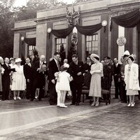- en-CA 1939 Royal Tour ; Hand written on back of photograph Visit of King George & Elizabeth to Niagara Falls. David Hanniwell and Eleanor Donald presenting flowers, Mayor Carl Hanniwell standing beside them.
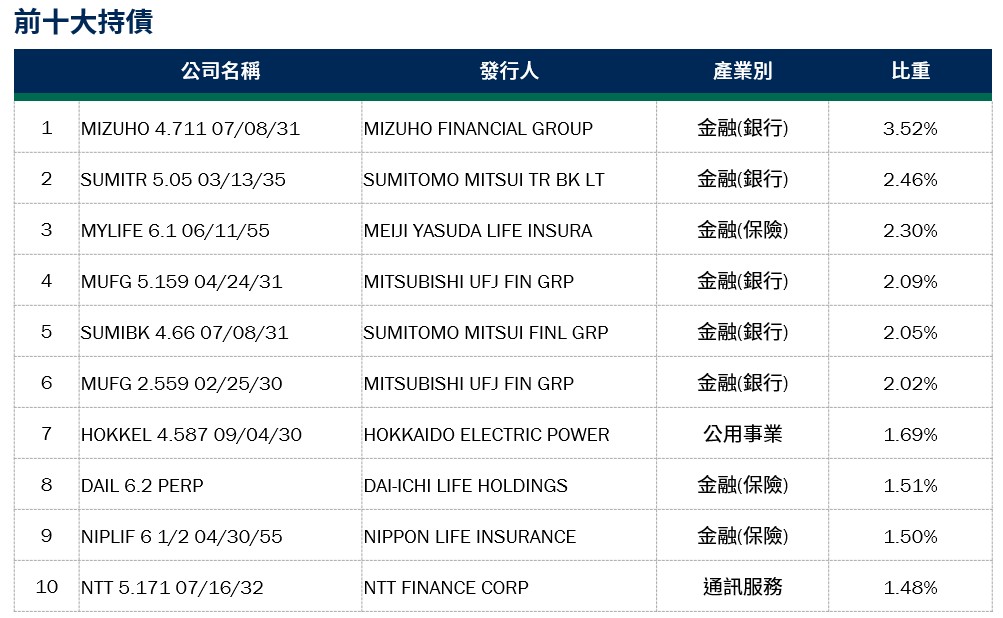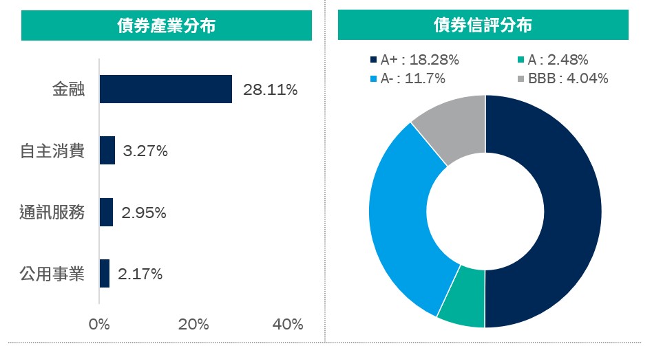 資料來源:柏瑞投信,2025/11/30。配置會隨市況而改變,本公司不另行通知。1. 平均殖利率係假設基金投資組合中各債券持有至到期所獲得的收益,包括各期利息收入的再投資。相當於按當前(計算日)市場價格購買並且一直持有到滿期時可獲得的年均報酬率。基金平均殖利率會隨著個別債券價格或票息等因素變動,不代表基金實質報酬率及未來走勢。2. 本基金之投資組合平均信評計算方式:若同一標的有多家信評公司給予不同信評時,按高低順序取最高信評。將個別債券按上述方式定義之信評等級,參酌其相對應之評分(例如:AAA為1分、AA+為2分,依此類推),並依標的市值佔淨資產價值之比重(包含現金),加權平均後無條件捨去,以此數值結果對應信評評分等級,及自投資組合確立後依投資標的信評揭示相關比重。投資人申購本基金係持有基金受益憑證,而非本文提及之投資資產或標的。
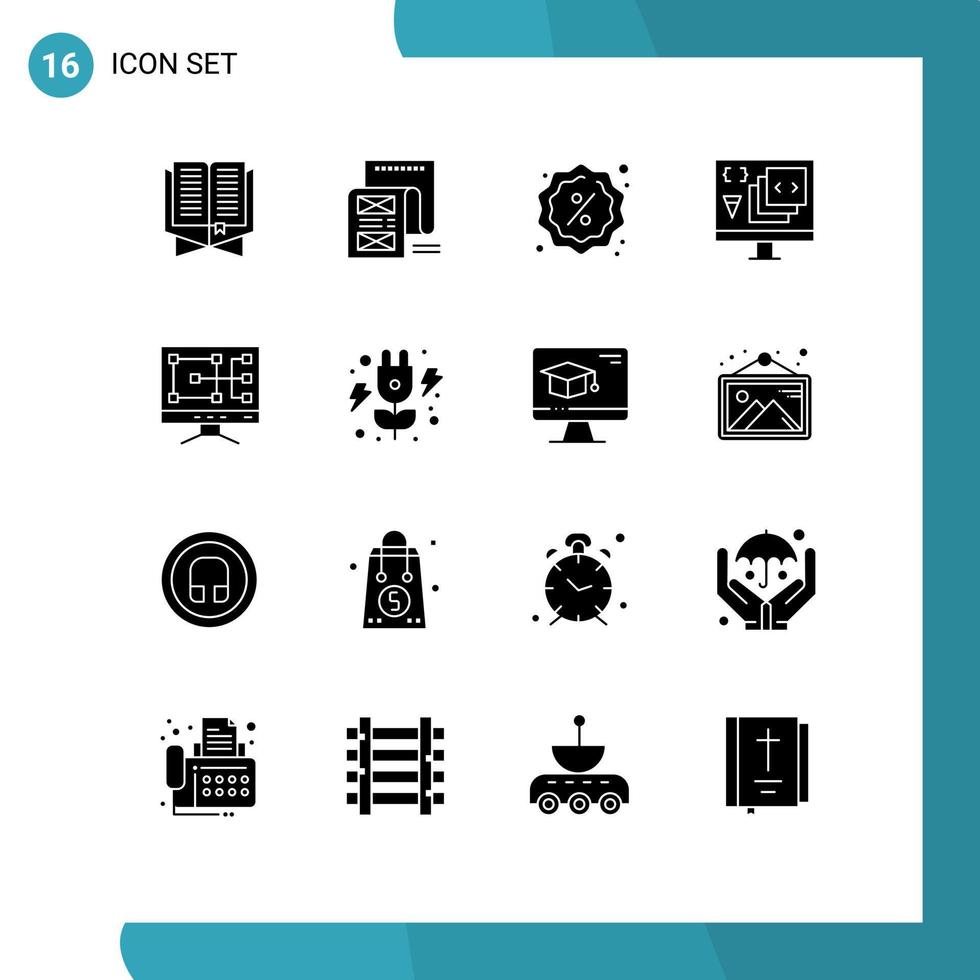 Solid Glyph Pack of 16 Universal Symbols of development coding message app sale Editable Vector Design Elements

> **REQUIRED ACTION**: Skip the pictures, then return the rest of the data exactly.

> **WRITTEN RESPONSE**:
- en-CA 1939 Royal Tour ; Hand written on back of photograph Visit of King George & Elizabeth to Niagara Falls. David Hanniwell and Eleanor Donald presenting flowers, Mayor Carl Hanniwell standing beside them.
 資料來源:柏瑞投信,2025/11/30。配置會隨市況而改變,本公司不另行通知。1. 平均殖利率係假設基金投資組合中各債券持有至到期所獲得的收益,包括各期利息收入的再投資。相當於按當前(計算日)市場價格購買並且一直持有到滿期時可獲得的年均報酬率。基金平均殖利率會隨著個別債券價格或票息等因素變動,不代表基金實質報酬率及未來走勢。2. 本基金之投資組合平均信評計算方式:若同一標的有多家信評公司給予不同信評時,按高低順序取最高信評。將個別債券按上述方式定義之信評等級,參酌其相對應之評分(例如:AAA為1分、AA+為2分,依此類推),並依標的市值佔淨資產價值之比重(包含現金),加權平均後無條件捨去,以此數值結果對應信評評分等級,及自投資組合確立後依投資標的信評揭示相關比重。投資人申購本基金係持有基金受益憑證,而非本文提及之投資資產或標的。
 Solid Glyph Pack of 16 Universal Symbols of development coding message app sale Editable Vector Design Elements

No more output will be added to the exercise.